Dataset records:
□ □ □
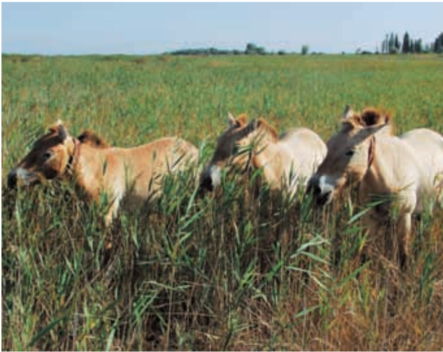
Abb. 19: Im Nationalpark Neusiedler See helfen die Przewalskipferde, den Schilfgürtel klein zu halten. Sie tragen Mikrochips unter der Haut und Halsbänder mit Sendern, die Aufschlüsse über jahreszeitliche Aktivitäten, Herzschlagfrequenz und Unterhauttemperatur geben. At the National Park Neusiedler See, Przewalski's horses help to reduce the growing reed. They have implanted microchips and wear radio-collars to monitor activity, heart-beat frequency and subcutaneous temperature throughout the year.

Jahresverlauf aufzeichnen, die sich abrufen lassen (Abb. 16). Außerdem kann mittels eines implantierten Chips ein Pferd zweifelsfrei an einer Tränke identifiziert und sein täglicher Wasserverbrauch gemessen werden (Abb. 17; SCHEIBE et al., 1998). Oder aber es wurde der Frage nachgegangen, wie
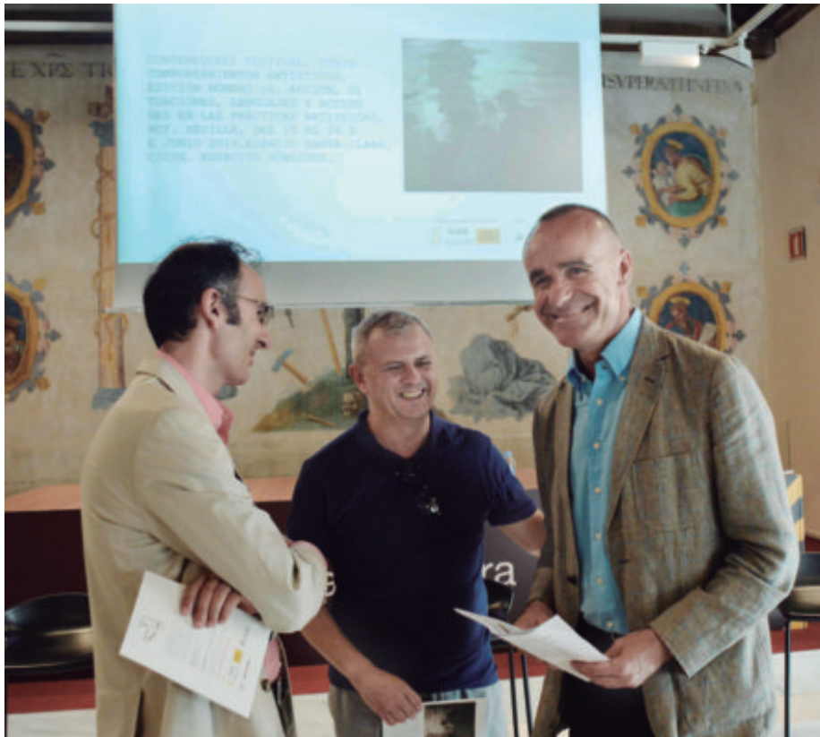
El Espacio Santa Clara acogió ayer la presentación de la 16ª edición del Festival Contenedores.
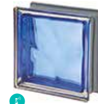
COBALTO Q19 O MET SAP CODE: 120828
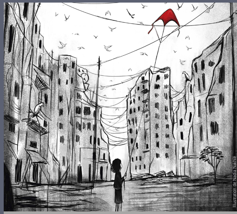
Illustration de Nadia Nakhlé

Julie. Les oiseaux ne se retournent pas est aujourd'hui adapté en une proposition artistique vivante et singulière. Il s'agit d'un BD concert où la voix des deux comédiennes se mêle aux projections animées de la bande dessinée et aux musiques de Mohamed Abozekry au oud et
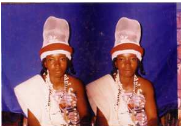
52. Sans titre, 2001, photomontage couleur, 9 x 14 cm, coll. de l'auteur
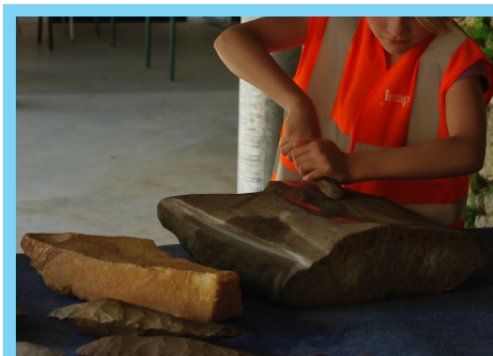
Découverte des haches polies et du Néolithique
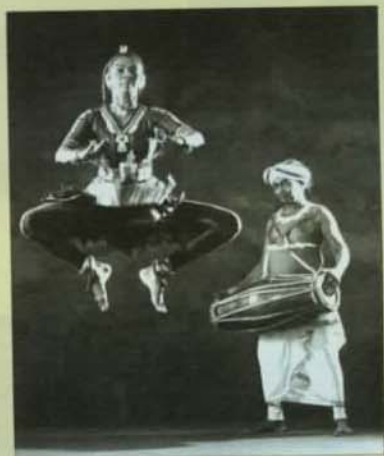
▲ 2003亞太藝術論壇特別報導 詳見三、四、五版
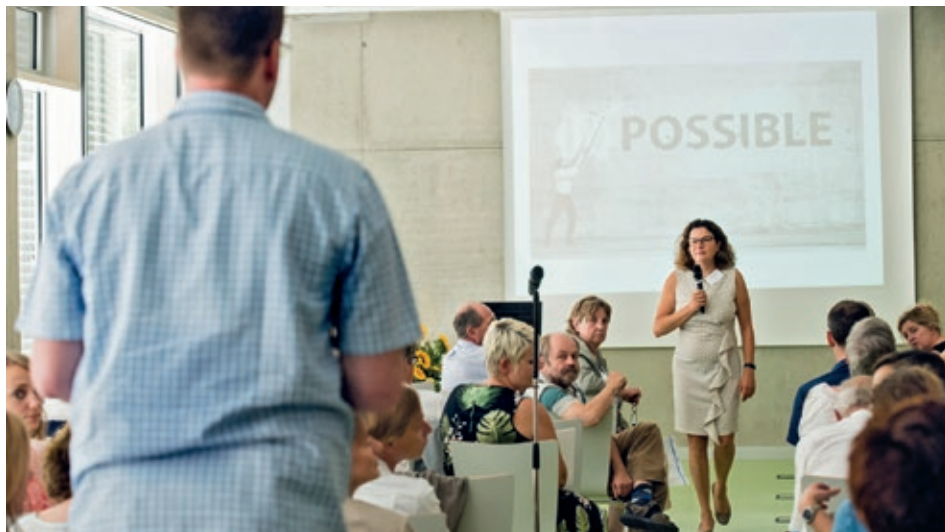
Lebhafte Diskussion beim Arbeitstreffen „Masterplan Medizinstudium 2020“

Hier findet ein in Deutschland bislang einmaliges interprofessionelles Lehrprojekt statt. Studierende der Medizin am Nürnberger Standort der Paracelsus Medizinischen Privat-
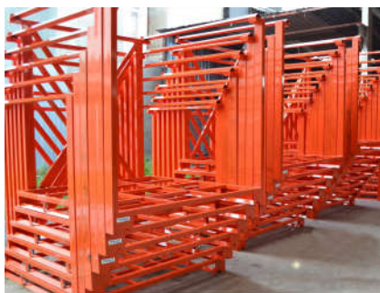
Pallet Xếp Chồng
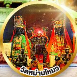
วัดม่านโหมว

ขอพรเรื่องการศึกษา, การงาน สติปัญญาและความกล้าหาญ
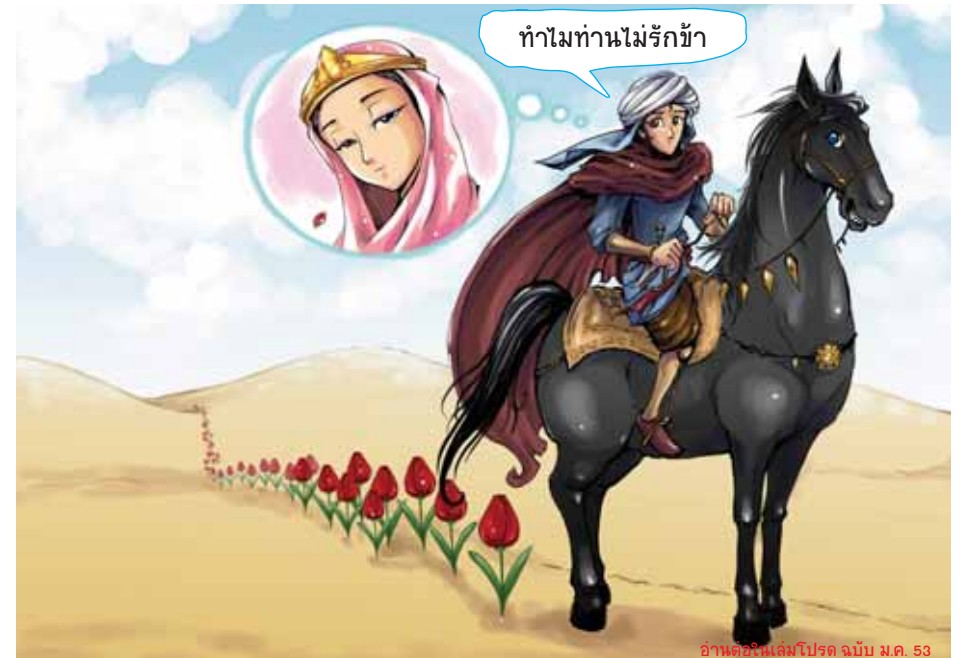
อ่านต่อในเล่มโปรด ฉบับ ม.ค. 53

ชาวเติร์กนั้นนับถือศาสนาอิสลาม และคำว่าลาเล่ในภาษาเติร์กใช้ตัวสะกดเดียวกับคำว่า อัลลอฮ์ พระนามของพระเจ้าสูงสุดของศาสนาอิสลาม ลาเล่หรือทิวลิปจึงกลายเป็นสัญลักษณ์แทนองค์อัลลอฮ์ และยังเชื่อว่าเป็นดอกไม้ที่พบในสวนสวรรค์ของพระองค์
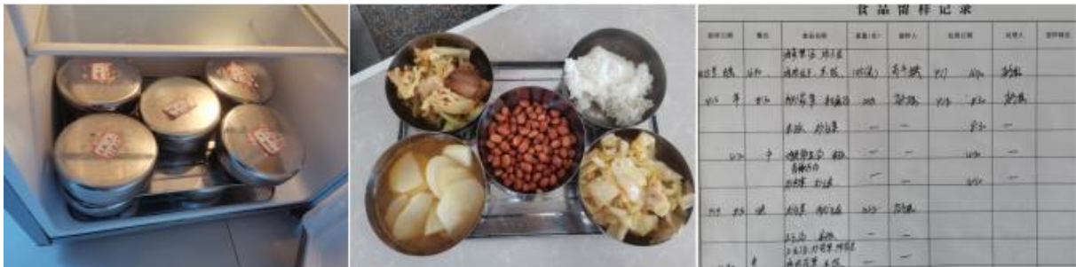
图 I -3 食品留样情况组图
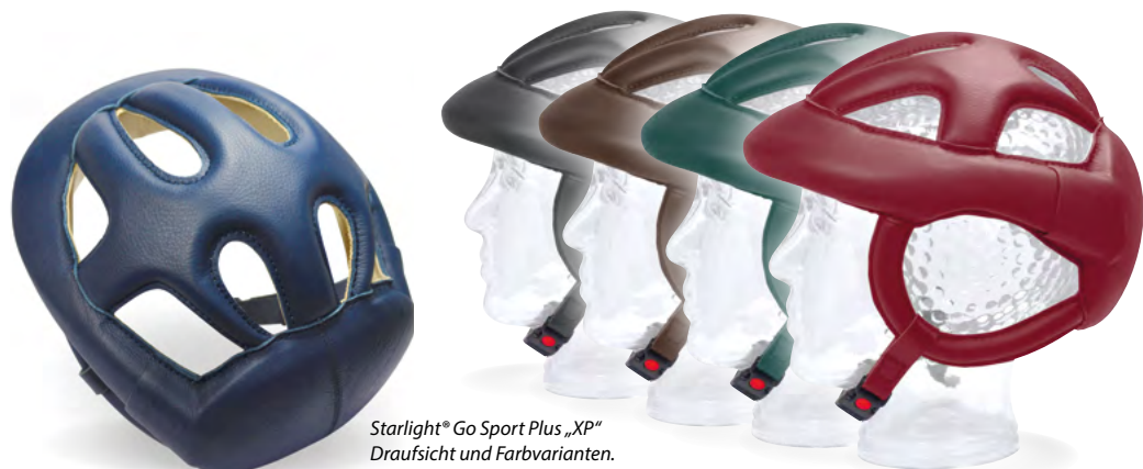
Starlight® Go Sport Plus „XP“ Draufsicht und Farbvarianten.
□ □ □
What needs to be done: Print each record as it appears above, dropping every picture from the copy.

Answer space:
Abb. 19: Im Nationalpark Neusiedler See helfen die Przewalskipferde, den Schilfgürtel klein zu halten. Sie tragen Mikrochips unter der Haut und Halsbänder mit Sendern, die Aufschlüsse über jahreszeitliche Aktivitäten, Herzschlagfrequenz und Unterhauttemperatur geben. At the National Park Neusiedler See, Przewalski's horses help to reduce the growing reed. They have implanted microchips and wear radio-collars to monitor activity, heart-beat frequency and subcutaneous temperature throughout the year.

Jahresverlauf aufzeichnen, die sich abrufen lassen (Abb. 16). Außerdem kann mittels eines implantierten Chips ein Pferd zweifelsfrei an einer Tränke identifiziert und sein täglicher Wasserverbrauch gemessen werden (Abb. 17; SCHEIBE et al., 1998). Oder aber es wurde der Frage nachgegangen, wie
El Espacio Santa Clara acogió ayer la presentación de la 16ª edición del Festival Contenedores.
COBALTO Q19 O MET SAP CODE: 120828
Illustration de Nadia Nakhlé

Julie. Les oiseaux ne se retournent pas est aujourd'hui adapté en une proposition artistique vivante et singulière. Il s'agit d'un BD concert où la voix des deux comédiennes se mêle aux projections animées de la bande dessinée et aux musiques de Mohamed Abozekry au oud et
52. Sans titre, 2001, photomontage couleur, 9 x 14 cm, coll. de l'auteur
Découverte des haches polies et du Néolithique
▲ 2003亞太藝術論壇特別報導 詳見三、四、五版
Lebhafte Diskussion beim Arbeitstreffen „Masterplan Medizinstudium 2020“

Hier findet ein in Deutschland bislang einmaliges interprofessionelles Lehrprojekt statt. Studierende der Medizin am Nürnberger Standort der Paracelsus Medizinischen Privat-
Pallet Xếp Chồng
วัดม่านโหมว

ขอพรเรื่องการศึกษา, การงาน สติปัญญาและความกล้าหาญ
อ่านต่อในเล่มโปรด ฉบับ ม.ค. 53

ชาวเติร์กนั้นนับถือศาสนาอิสลาม และคำว่าลาเล่ในภาษาเติร์กใช้ตัวสะกดเดียวกับคำว่า อัลลอฮ์ พระนามของพระเจ้าสูงสุดของศาสนาอิสลาม ลาเล่หรือทิวลิปจึงกลายเป็นสัญลักษณ์แทนองค์อัลลอฮ์ และยังเชื่อว่าเป็นดอกไม้ที่พบในสวนสวรรค์ของพระองค์
图 I -3 食品留样情况组图
Starlight® Go Sport Plus „XP“ Draufsicht und Farbvarianten.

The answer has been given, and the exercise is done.